(DATA SECTION Opens)
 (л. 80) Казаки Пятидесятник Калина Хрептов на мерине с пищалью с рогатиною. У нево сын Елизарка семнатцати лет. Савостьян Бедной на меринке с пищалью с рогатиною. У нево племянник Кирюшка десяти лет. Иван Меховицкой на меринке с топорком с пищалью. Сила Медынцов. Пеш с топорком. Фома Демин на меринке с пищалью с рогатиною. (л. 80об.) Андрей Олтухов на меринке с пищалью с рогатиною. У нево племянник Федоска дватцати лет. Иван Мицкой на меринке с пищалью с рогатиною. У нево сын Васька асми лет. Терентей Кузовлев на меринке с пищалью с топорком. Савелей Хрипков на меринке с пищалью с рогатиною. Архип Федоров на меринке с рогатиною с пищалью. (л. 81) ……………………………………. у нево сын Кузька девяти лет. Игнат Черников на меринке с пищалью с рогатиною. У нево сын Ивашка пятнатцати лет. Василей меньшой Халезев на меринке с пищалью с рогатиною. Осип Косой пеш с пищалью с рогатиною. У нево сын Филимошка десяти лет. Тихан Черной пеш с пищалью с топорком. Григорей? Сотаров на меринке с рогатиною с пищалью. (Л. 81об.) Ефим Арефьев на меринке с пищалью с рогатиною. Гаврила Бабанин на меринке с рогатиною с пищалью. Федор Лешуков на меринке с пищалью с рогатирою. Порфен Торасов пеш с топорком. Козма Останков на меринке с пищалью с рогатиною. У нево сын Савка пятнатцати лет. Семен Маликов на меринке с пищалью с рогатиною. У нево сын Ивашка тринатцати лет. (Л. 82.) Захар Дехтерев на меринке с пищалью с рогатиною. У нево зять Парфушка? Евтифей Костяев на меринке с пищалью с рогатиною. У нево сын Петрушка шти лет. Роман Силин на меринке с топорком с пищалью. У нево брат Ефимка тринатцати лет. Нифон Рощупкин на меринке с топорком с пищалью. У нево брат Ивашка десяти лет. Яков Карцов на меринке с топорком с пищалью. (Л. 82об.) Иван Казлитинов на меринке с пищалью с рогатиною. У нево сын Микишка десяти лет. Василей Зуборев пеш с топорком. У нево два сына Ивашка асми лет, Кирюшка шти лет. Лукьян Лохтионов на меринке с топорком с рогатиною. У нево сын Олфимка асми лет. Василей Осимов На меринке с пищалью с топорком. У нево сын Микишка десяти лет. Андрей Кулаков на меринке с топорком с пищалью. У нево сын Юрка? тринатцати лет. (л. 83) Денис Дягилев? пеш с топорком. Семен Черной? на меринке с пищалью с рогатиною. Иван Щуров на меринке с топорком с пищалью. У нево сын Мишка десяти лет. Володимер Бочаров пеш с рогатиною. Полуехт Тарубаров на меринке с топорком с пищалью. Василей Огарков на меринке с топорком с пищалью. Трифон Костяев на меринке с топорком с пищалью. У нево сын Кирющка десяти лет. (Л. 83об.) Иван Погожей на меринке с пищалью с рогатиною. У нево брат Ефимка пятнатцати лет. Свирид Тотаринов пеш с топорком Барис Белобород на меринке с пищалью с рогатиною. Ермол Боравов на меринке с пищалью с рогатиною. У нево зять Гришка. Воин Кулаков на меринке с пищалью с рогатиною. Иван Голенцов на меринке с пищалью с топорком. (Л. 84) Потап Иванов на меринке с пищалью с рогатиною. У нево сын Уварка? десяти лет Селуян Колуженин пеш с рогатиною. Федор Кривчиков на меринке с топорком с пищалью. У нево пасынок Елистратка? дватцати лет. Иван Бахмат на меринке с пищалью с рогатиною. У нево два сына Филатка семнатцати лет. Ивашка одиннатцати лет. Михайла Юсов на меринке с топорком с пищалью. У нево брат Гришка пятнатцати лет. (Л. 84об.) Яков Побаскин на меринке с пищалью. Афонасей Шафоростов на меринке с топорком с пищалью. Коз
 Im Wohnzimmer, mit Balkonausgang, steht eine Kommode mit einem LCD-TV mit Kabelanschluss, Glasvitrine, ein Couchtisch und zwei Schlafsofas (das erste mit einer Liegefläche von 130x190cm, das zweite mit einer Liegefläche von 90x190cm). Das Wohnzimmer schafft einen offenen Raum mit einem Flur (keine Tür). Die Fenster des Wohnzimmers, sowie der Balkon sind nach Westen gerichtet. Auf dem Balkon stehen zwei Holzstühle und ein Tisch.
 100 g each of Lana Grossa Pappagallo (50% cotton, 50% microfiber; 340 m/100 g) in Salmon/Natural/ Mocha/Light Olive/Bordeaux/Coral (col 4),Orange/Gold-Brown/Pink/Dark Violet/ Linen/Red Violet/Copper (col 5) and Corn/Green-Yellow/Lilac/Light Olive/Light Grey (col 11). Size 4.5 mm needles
(DATA SECTION Closes)
ACTION ITEM: In full and without alteration, return every line above.

PROBLEM SOLUTION:
 (л. 80) Казаки Пятидесятник Калина Хрептов на мерине с пищалью с рогатиною. У нево сын Елизарка семнатцати лет. Савостьян Бедной на меринке с пищалью с рогатиною. У нево племянник Кирюшка десяти лет. Иван Меховицкой на меринке с топорком с пищалью. Сила Медынцов. Пеш с топорком. Фома Демин на меринке с пищалью с рогатиною. (л. 80об.) Андрей Олтухов на меринке с пищалью с рогатиною. У нево племянник Федоска дватцати лет. Иван Мицкой на меринке с пищалью с рогатиною. У нево сын Васька асми лет. Терентей Кузовлев на меринке с пищалью с топорком. Савелей Хрипков на меринке с пищалью с рогатиною. Архип Федоров на меринке с рогатиною с пищалью. (л. 81) ……………………………………. у нево сын Кузька девяти лет. Игнат Черников на меринке с пищалью с рогатиною. У нево сын Ивашка пятнатцати лет. Василей меньшой Халезев на меринке с пищалью с рогатиною. Осип Косой пеш с пищалью с рогатиною. У нево сын Филимошка десяти лет. Тихан Черной пеш с пищалью с топорком. Григорей? Сотаров на меринке с рогатиною с пищалью. (Л. 81об.) Ефим Арефьев на меринке с пищалью с рогатиною. Гаврила Бабанин на меринке с рогатиною с пищалью. Федор Лешуков на меринке с пищалью с рогатирою. Порфен Торасов пеш с топорком. Козма Останков на меринке с пищалью с рогатиною. У нево сын Савка пятнатцати лет. Семен Маликов на меринке с пищалью с рогатиною. У нево сын Ивашка тринатцати лет. (Л. 82.) Захар Дехтерев на меринке с пищалью с рогатиною. У нево зять Парфушка? Евтифей Костяев на меринке с пищалью с рогатиною. У нево сын Петрушка шти лет. Роман Силин на меринке с топорком с пищалью. У нево брат Ефимка тринатцати лет. Нифон Рощупкин на меринке с топорком с пищалью. У нево брат Ивашка десяти лет. Яков Карцов на меринке с топорком с пищалью. (Л. 82об.) Иван Казлитинов на меринке с пищалью с рогатиною. У нево сын Микишка десяти лет. Василей Зуборев пеш с топорком. У нево два сына Ивашка асми лет, Кирюшка шти лет. Лукьян Лохтионов на меринке с топорком с рогатиною. У нево сын Олфимка асми лет. Василей Осимов На меринке с пищалью с топорком. У нево сын Микишка десяти лет. Андрей Кулаков на меринке с топорком с пищалью. У нево сын Юрка? тринатцати лет. (л. 83) Денис Дягилев? пеш с топорком. Семен Черной? на меринке с пищалью с рогатиною. Иван Щуров на меринке с топорком с пищалью. У нево сын Мишка десяти лет. Володимер Бочаров пеш с рогатиною. Полуехт Тарубаров на меринке с топорком с пищалью. Василей Огарков на меринке с топорком с пищалью. Трифон Костяев на меринке с топорком с пищалью. У нево сын Кирющка десяти лет. (Л. 83об.) Иван Погожей на меринке с пищалью с рогатиною. У нево брат Ефимка пятнатцати лет. Свирид Тотаринов пеш с топорком Барис Белобород на меринке с пищалью с рогатиною. Ермол Боравов на меринке с пищалью с рогатиною. У нево зять Гришка. Воин Кулаков на меринке с пищалью с рогатиною. Иван Голенцов на меринке с пищалью с топорком. (Л. 84) Потап Иванов на меринке с пищалью с рогатиною. У нево сын Уварка? десяти лет Селуян Колуженин пеш с рогатиною. Федор Кривчиков на меринке с топорком с пищалью. У нево пасынок Елистратка? дватцати лет. Иван Бахмат на меринке с пищалью с рогатиною. У нево два сына Филатка семнатцати лет. Ивашка одиннатцати лет. Михайла Юсов на меринке с топорком с пищалью. У нево брат Гришка пятнатцати лет. (Л. 84об.) Яков Побаскин на меринке с пищалью. Афонасей Шафоростов на меринке с топорком с пищалью. Коз
 Im Wohnzimmer, mit Balkonausgang, steht eine Kommode mit einem LCD-TV mit Kabelanschluss, Glasvitrine, ein Couchtisch und zwei Schlafsofas (das erste mit einer Liegefläche von 130x190cm, das zweite mit einer Liegefläche von 90x190cm). Das Wohnzimmer schafft einen offenen Raum mit einem Flur (keine Tür). Die Fenster des Wohnzimmers, sowie der Balkon sind nach Westen gerichtet. Auf dem Balkon stehen zwei Holzstühle und ein Tisch.
 100 g each of Lana Grossa Pappagallo (50% cotton, 50% microfiber; 340 m/100 g) in Salmon/Natural/ Mocha/Light Olive/Bordeaux/Coral (col 4),Orange/Gold-Brown/Pink/Dark Violet/ Linen/Red Violet/Copper (col 5) and Corn/Green-Yellow/Lilac/Light Olive/Light Grey (col 11). Size 4.5 mm needles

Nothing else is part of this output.